If you are a movie fan, I advise caution when seeing "PS I Love You" AND "The Bucket List" as both movies are great but at least I am extremely sensitive with the brain tumor issue at the moment (which I didn't know what these people suffered from until I saw it). Went through kleenex and napkins at each one. Of course I don't have the money or friends to take me on a world tour, so that's depressing too. I keep thinking or wishing "romantically" that things like that would happen, but that's Hollywood for ya, pump up your fairytales only to be deflated in real life. I tend to think "this could be my last ...." but then I am not allowed to say it cause it will show I have lost faith. As hubby and mom tell me, we could all die today and then no one could say anything or plan anything either, that the playing field is even. I haven't lost all faith, I am just taking it a day at a time. The worry is gone, won't help any and the research is done, nothing new.
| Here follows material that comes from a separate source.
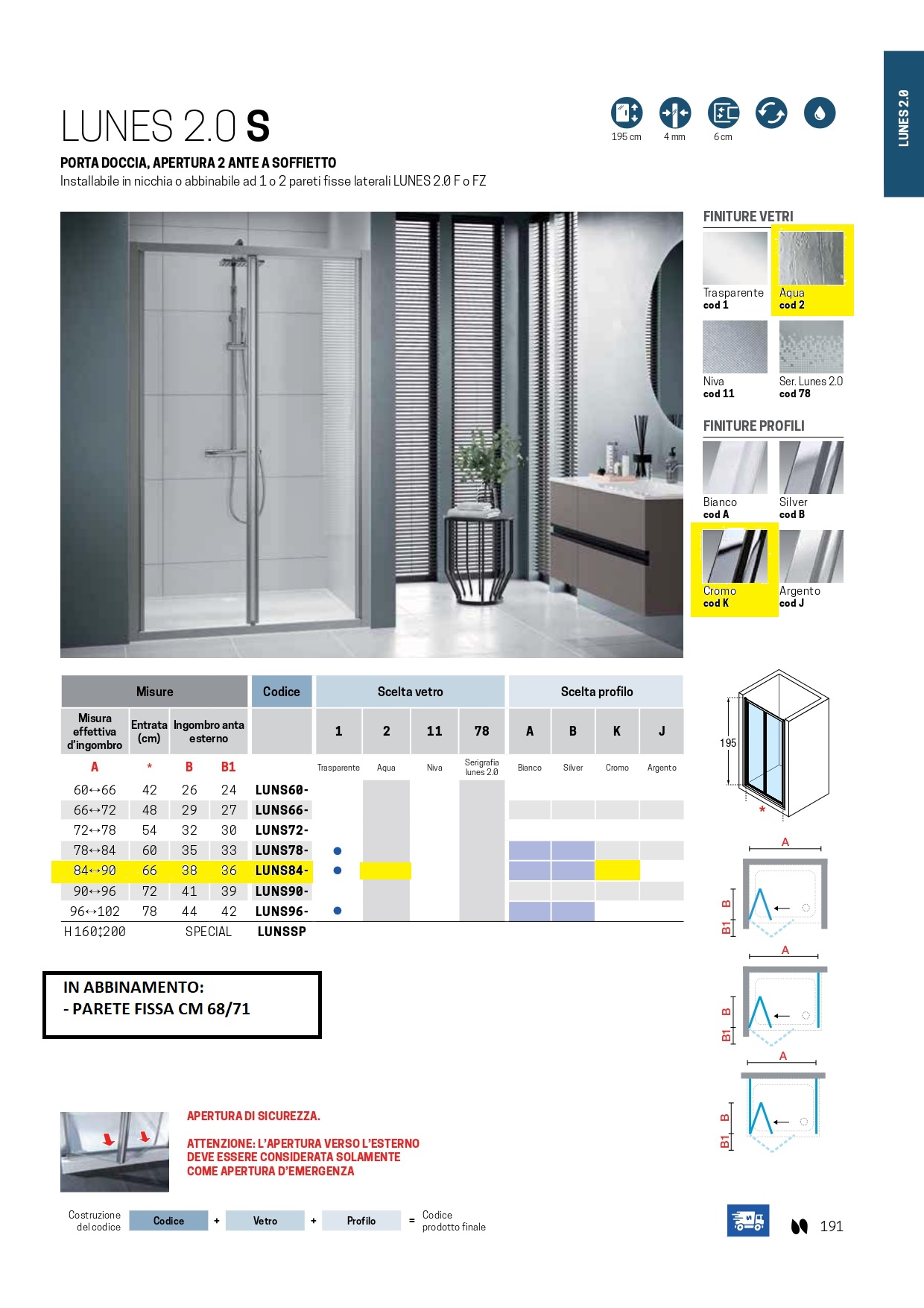 Colore cromo, vetro trasparente 6mm

Now I am trying to just live, as normal as possible,and as much as people will allow me.

Sorry and Thank You Too!
 
Reading your post just makes me realize how fortunate I am. I agree that their is not enough financial help for someone Adult with cancer. Our farrier's wife has inoperatable brain ca and it is so hard for him (work and support her) He is so devoted to her. John and I have been kinda his retreat I guess. He will talk about his feelings for her and how lucky a man he is to have her...and then he cries. Then he apologizes ( no need to...I worked in hospice for 12 years) I cannot even imagine going thru everyday worrying like that, but my prayers are with you and remember you have alot of folks here that do care!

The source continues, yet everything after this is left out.